The informal is a key component of the city, a space of social and economic activity that is out of the sight and control of the state and out of the reach of capitalist investments. Informal arrangements have long been acknowledged in the employment sector but increasingly the term is being used to describe informal forms of land tenure, housing and infrastructure construction, health services, neighbourhood governance and so on (Guinness 2009). With migration to the cities surging, the informal has become the lifeblood of the ‘insignificant masses’ (rakyat kecil), who may constitute over 50 per cent of the urban population. A 1980s survey conducted in nine Indonesian cities, for example, showed that 63 per cent of households who claimed to own land held unregistered titles, while only 37 per cent held formal, registered titles (Struyk, Hoffman and Katsura 1990).

As urban populations continue to grow, urban planners across the world struggle to compose viable means of accommodating increasing numbers of poor within urban spaces. Urban poverty is inseparable from the insecurity of tenure and illegality of housing and income strategies characterising low-income urban settlements. In Indonesia's urban worlds, the poor have devised a vast range of informal strategies to facilitate survival, including informal trading and production, informal housing solutions and informal governance of the low-income, squatter or slum areas known as kampung.

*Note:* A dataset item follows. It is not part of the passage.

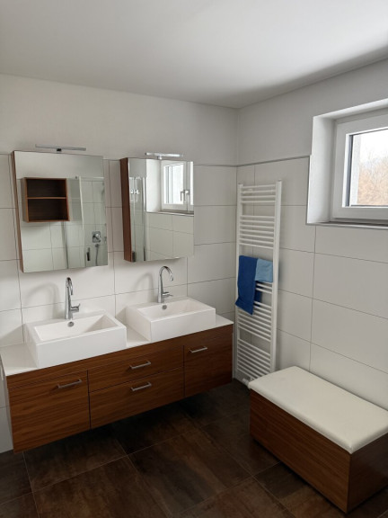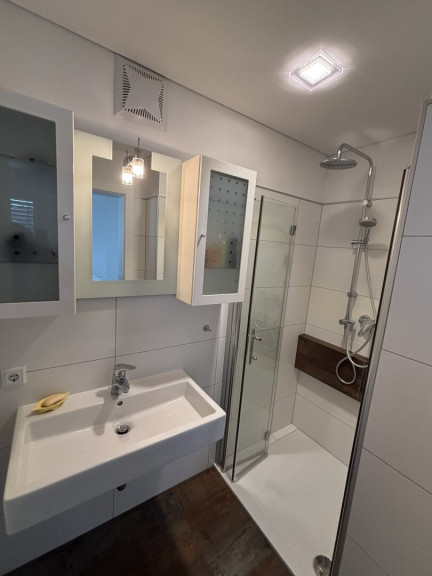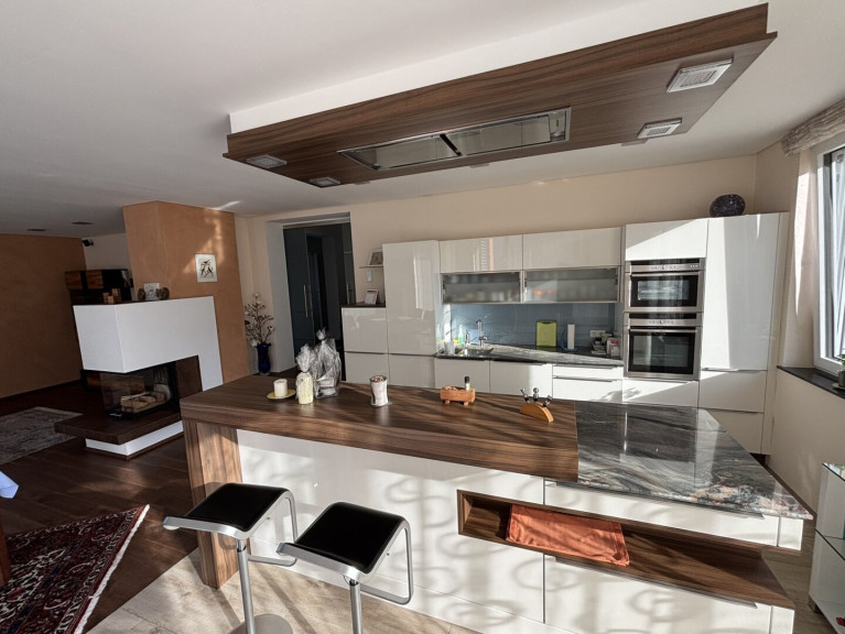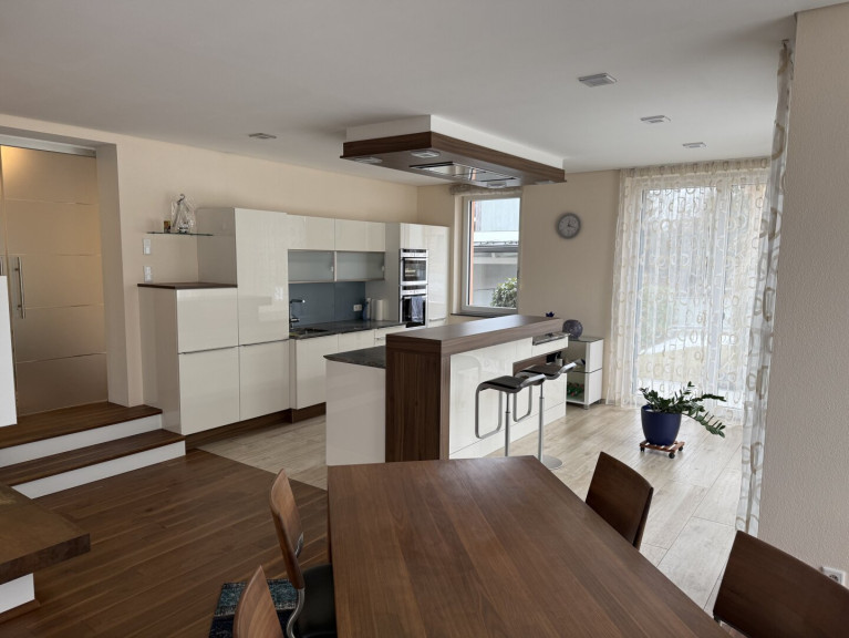 Zwei modern gestaltete Badezimmer bietet Komfort auf hohem Niveau. Die maßgefertigte Einbauküche überzeugt mit Funktionalität und Design und wird schnell zum zentralen Treffpunkt für Familie und Freunde. Zwei Balkone sowie eine Terrasse im Obergeschoss laden dazu ein, den Tag mit den ersten Sonnenstrahlen zu beginnen und entspannte Stunden im Freien zu genießen.

Informality has become a key focus of urban planning discussions in recent years. In a special issue of the journal Planning Theory and Practice, the main editor, Libby Porter, defines informality as the ‘other’ to ‘ordered, regulated, efficient’ systems of management (Porter 2011: 116). Although frequently dismissed as illegitimate, anarchic, messy and dangerous, the informal is not outside formal systems, Porter insists, but is instead produced by formal structures. Rather than painting the relation-ship between formal and informal as a static segmentation of the formal and informal spaces of the city, I suggest that it is more useful to consider the dynamic processes of formalisation and informalisation that are powered by the state, capital and citizens contesting the structures of land, housing and livelihood within the city.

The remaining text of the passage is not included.